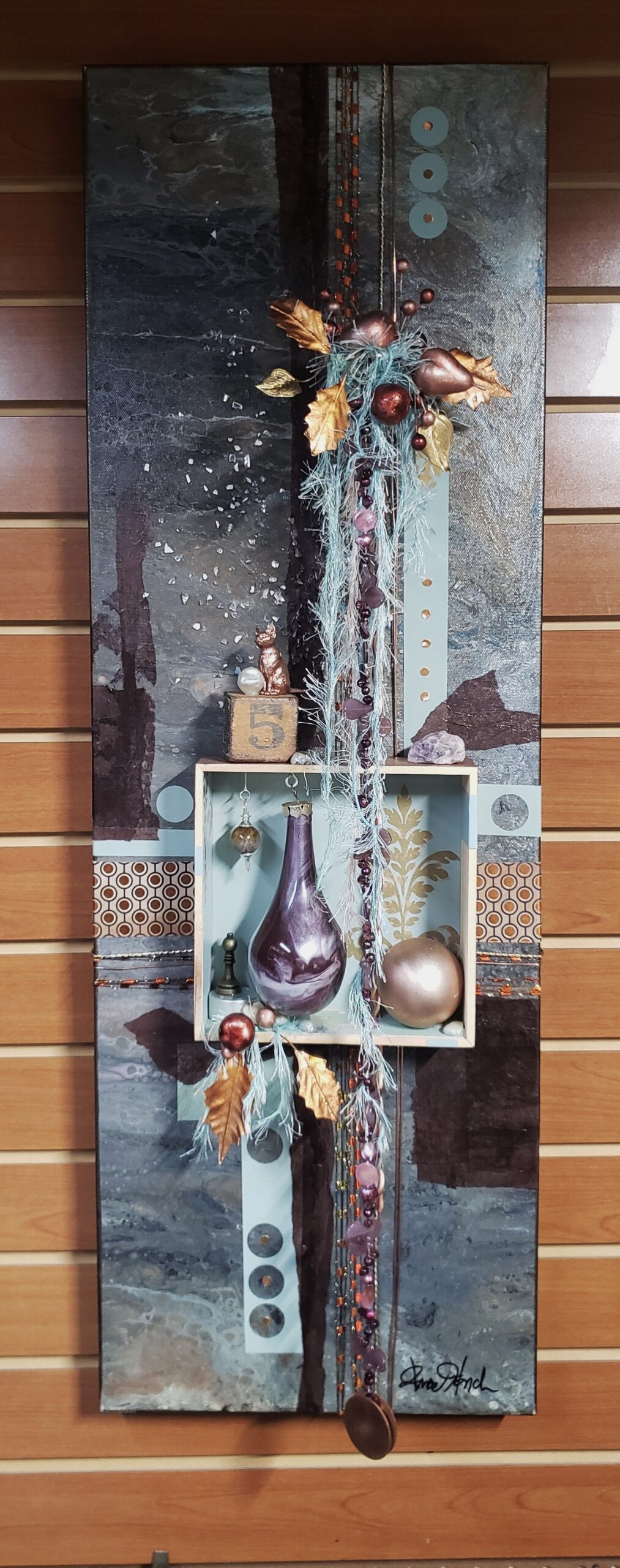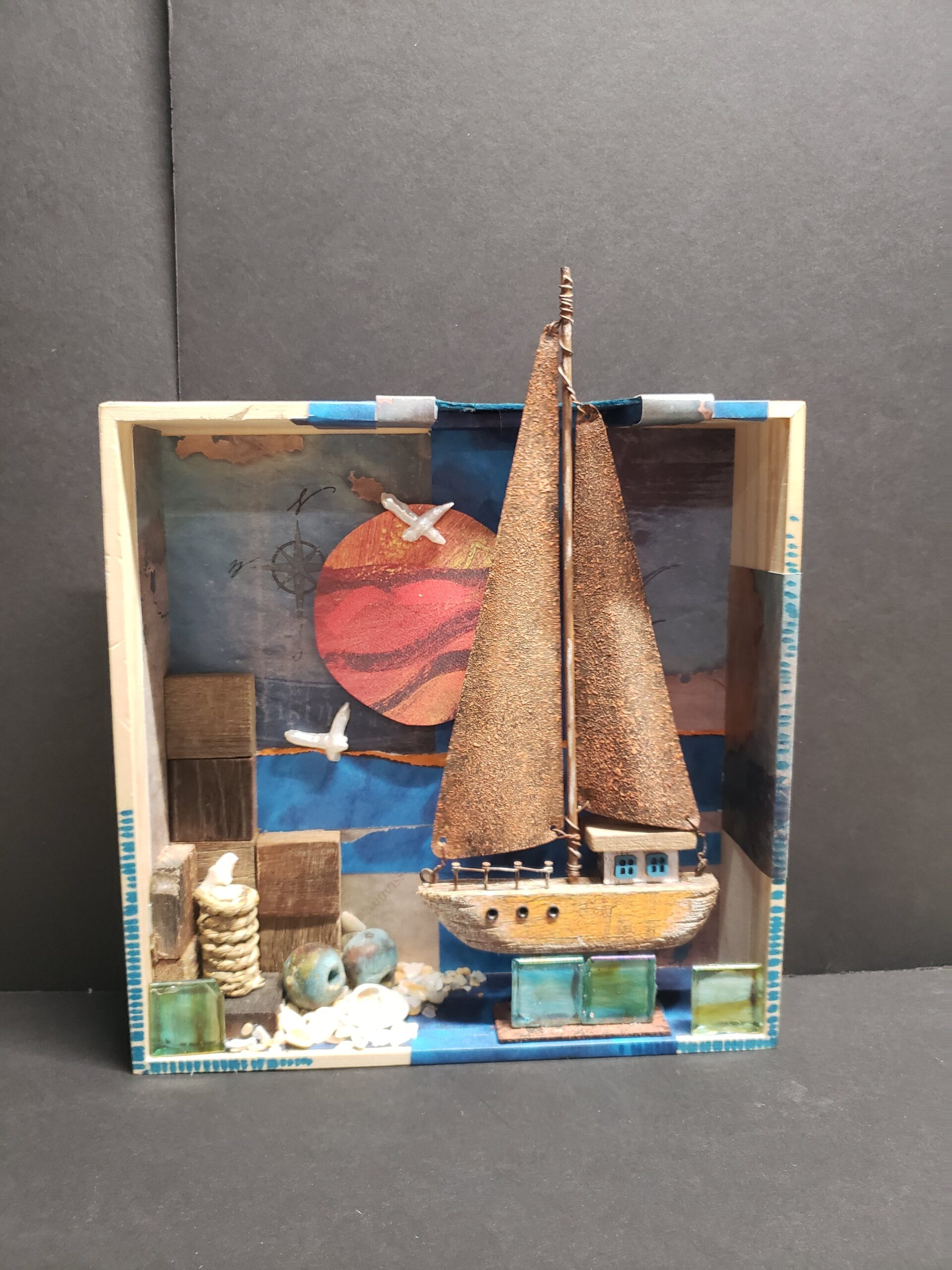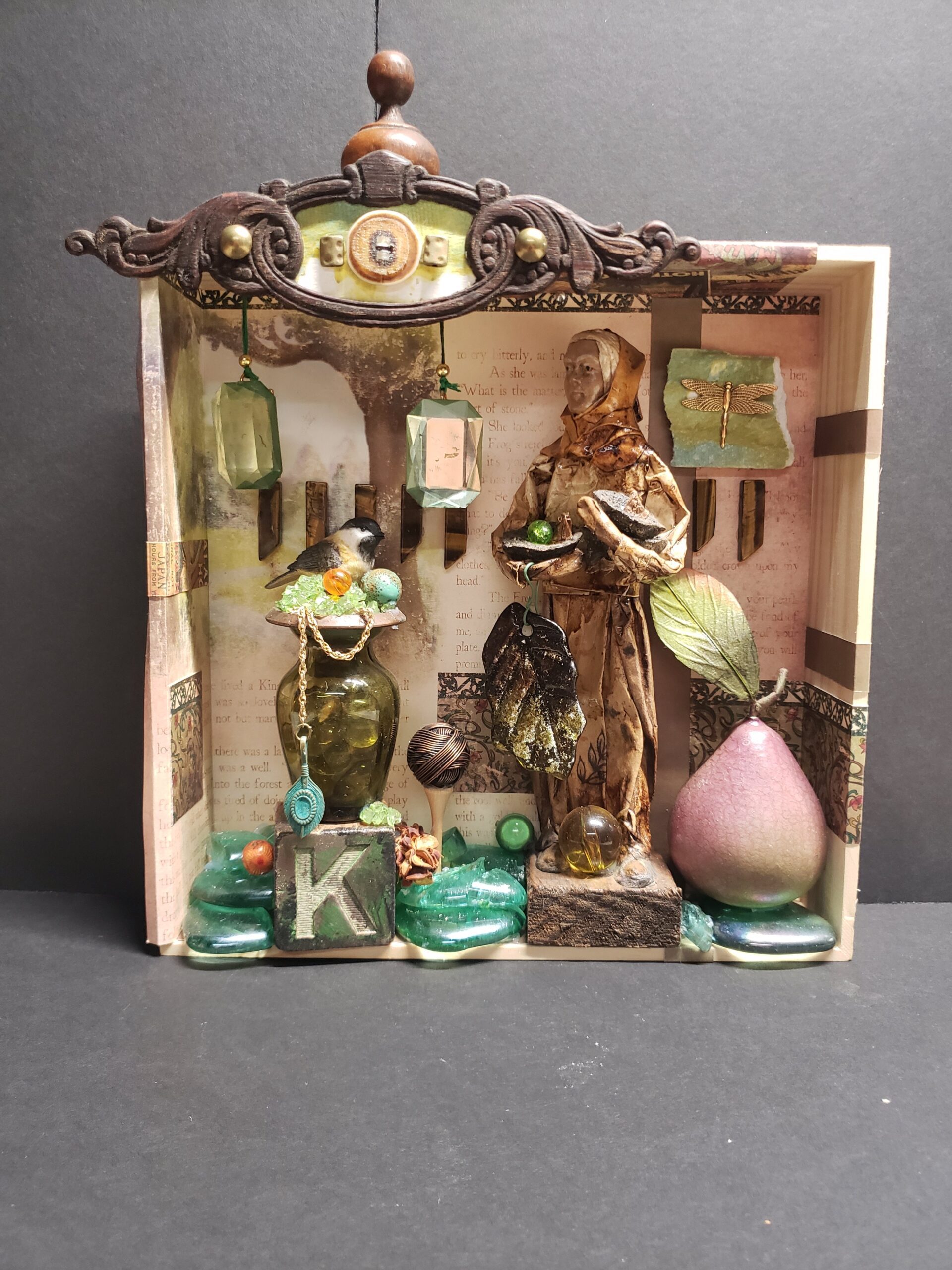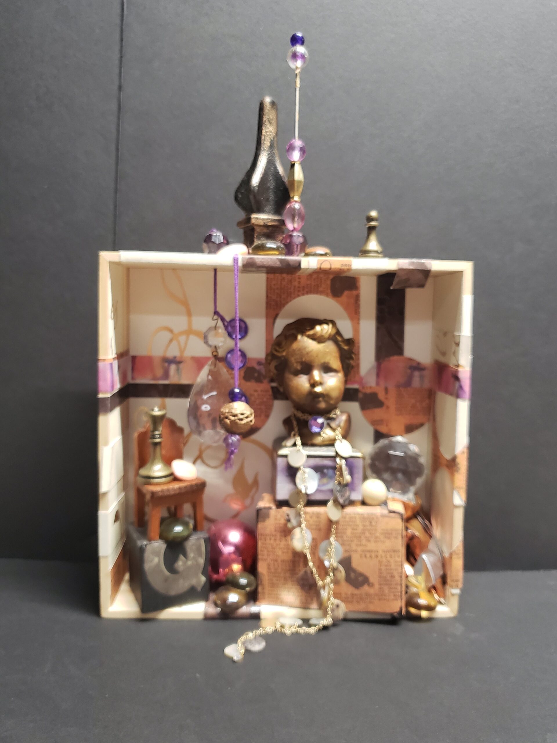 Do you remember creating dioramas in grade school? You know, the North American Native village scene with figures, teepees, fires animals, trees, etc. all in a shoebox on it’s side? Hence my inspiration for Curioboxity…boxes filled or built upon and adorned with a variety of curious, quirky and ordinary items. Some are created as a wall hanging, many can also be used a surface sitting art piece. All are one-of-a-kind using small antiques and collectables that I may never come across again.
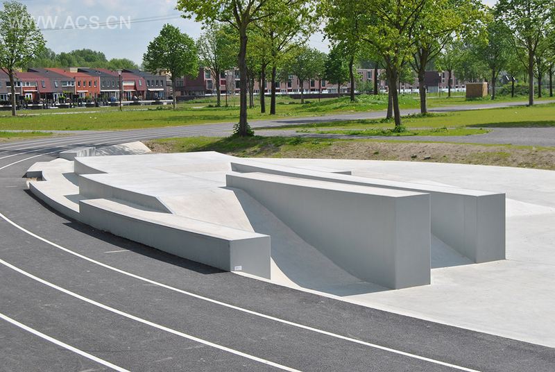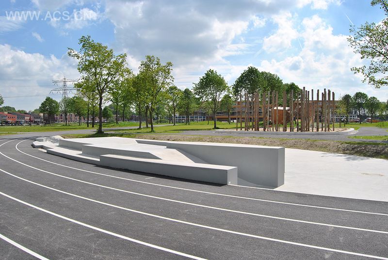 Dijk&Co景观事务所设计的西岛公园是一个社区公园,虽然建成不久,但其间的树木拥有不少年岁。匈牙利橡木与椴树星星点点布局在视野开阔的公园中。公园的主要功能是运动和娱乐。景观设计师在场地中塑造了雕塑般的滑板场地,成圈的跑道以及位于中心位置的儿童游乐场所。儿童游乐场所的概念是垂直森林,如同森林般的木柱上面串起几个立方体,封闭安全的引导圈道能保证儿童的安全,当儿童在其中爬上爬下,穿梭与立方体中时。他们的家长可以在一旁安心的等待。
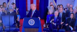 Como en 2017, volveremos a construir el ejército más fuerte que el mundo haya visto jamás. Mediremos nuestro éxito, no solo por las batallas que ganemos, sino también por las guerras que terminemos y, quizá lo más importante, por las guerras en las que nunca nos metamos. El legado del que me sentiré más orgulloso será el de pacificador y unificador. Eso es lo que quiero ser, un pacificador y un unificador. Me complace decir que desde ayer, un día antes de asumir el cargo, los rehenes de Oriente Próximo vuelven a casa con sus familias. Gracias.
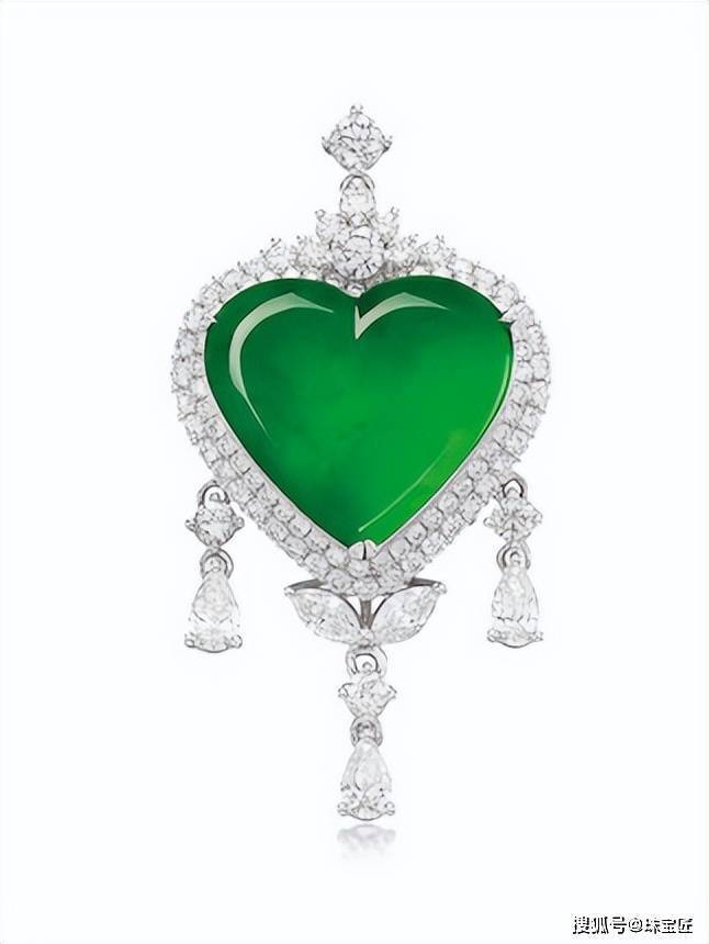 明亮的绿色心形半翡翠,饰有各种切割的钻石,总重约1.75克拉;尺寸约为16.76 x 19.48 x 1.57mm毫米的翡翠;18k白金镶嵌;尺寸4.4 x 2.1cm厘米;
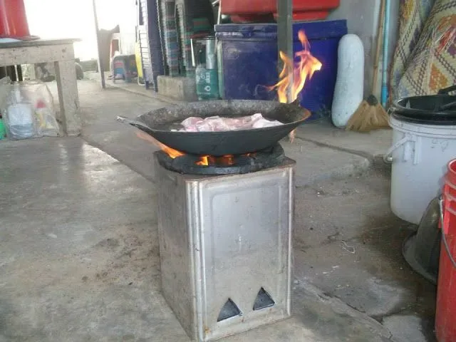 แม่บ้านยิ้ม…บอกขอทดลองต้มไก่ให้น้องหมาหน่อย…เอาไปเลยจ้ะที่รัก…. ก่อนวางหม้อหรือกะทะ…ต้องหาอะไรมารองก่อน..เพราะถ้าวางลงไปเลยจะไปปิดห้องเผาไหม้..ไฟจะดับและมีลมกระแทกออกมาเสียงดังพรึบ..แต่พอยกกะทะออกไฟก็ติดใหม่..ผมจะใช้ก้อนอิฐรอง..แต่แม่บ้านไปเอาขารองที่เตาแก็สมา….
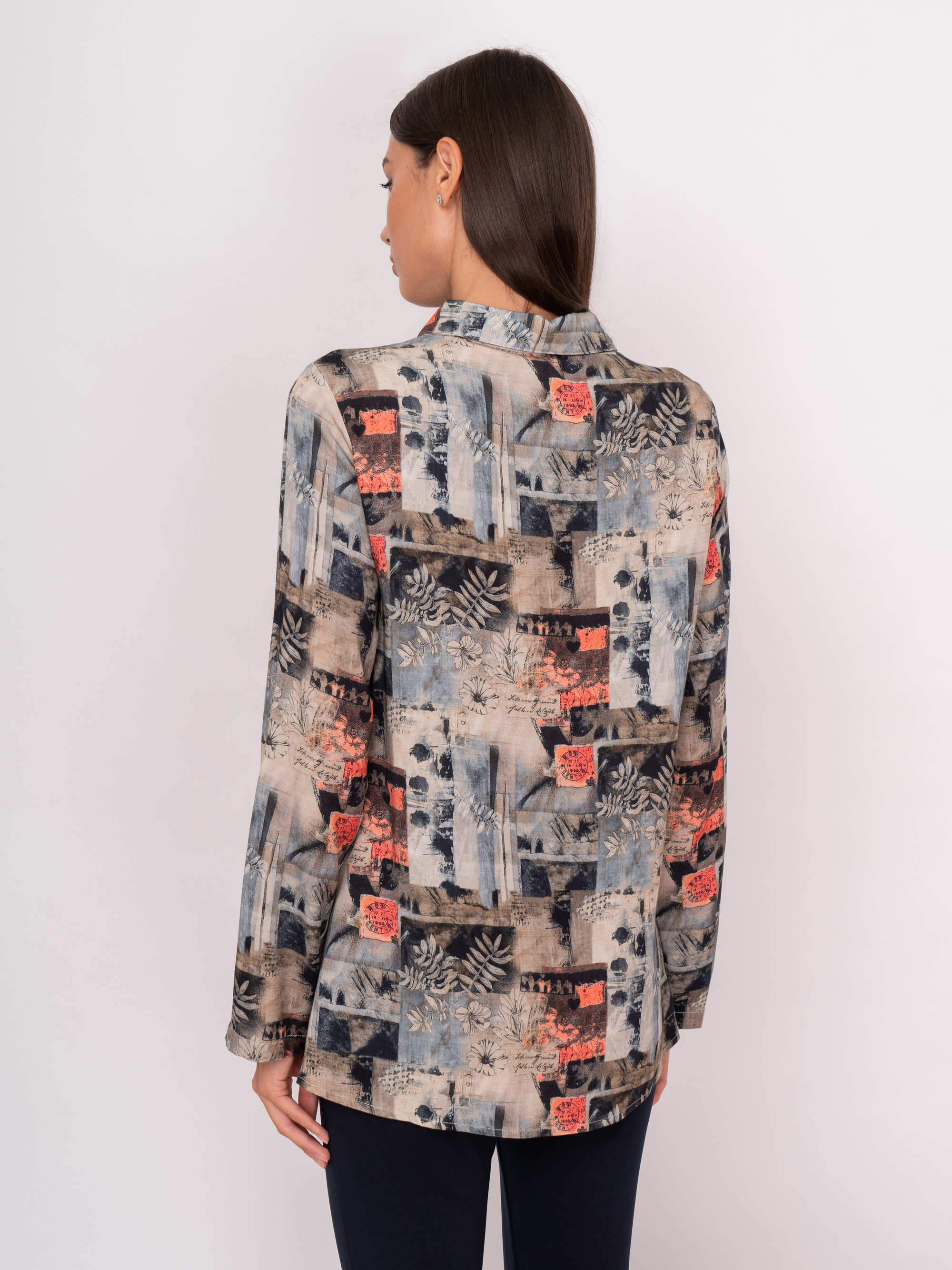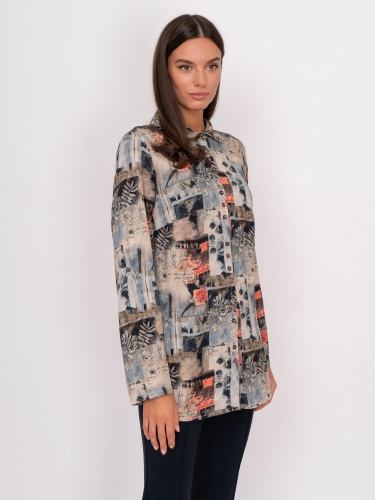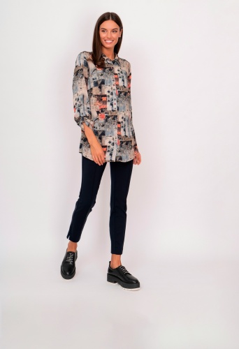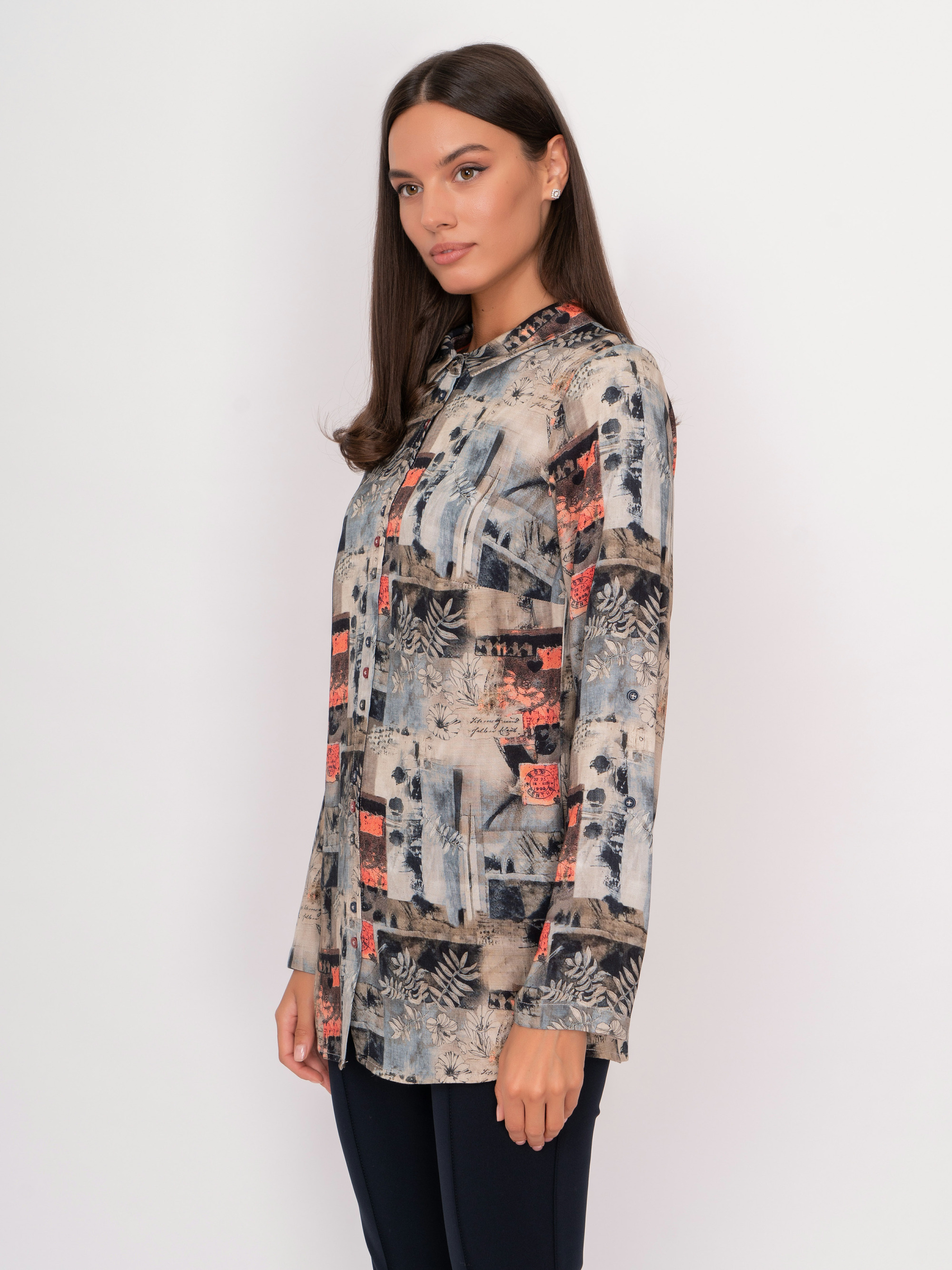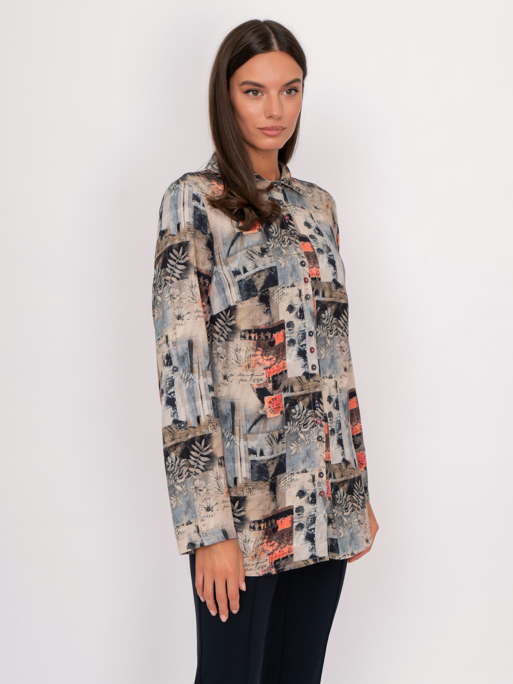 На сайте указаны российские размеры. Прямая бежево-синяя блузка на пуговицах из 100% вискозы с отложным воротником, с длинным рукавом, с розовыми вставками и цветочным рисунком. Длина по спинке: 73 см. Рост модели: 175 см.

### [What the exercise asks]
Nothing but the lines from the one containing "แม่บ้านยิ้ม…บอ" through the last line of the data should appear in the answer, copied exactly, with pictures excluded.

### [Response to the exercise]
 แม่บ้านยิ้ม…บอกขอทดลองต้มไก่ให้น้องหมาหน่อย…เอาไปเลยจ้ะที่รัก…. ก่อนวางหม้อหรือกะทะ…ต้องหาอะไรมารองก่อน..เพราะถ้าวางลงไปเลยจะไปปิดห้องเผาไหม้..ไฟจะดับและมีลมกระแทกออกมาเสียงดังพรึบ..แต่พอยกกะทะออกไฟก็ติดใหม่..ผมจะใช้ก้อนอิฐรอง..แต่แม่บ้านไปเอาขารองที่เตาแก็สมา….
 На сайте указаны российские размеры. Прямая бежево-синяя блузка на пуговицах из 100% вискозы с отложным воротником, с длинным рукавом, с розовыми вставками и цветочным рисунком. Длина по спинке: 73 см. Рост модели: 175 см.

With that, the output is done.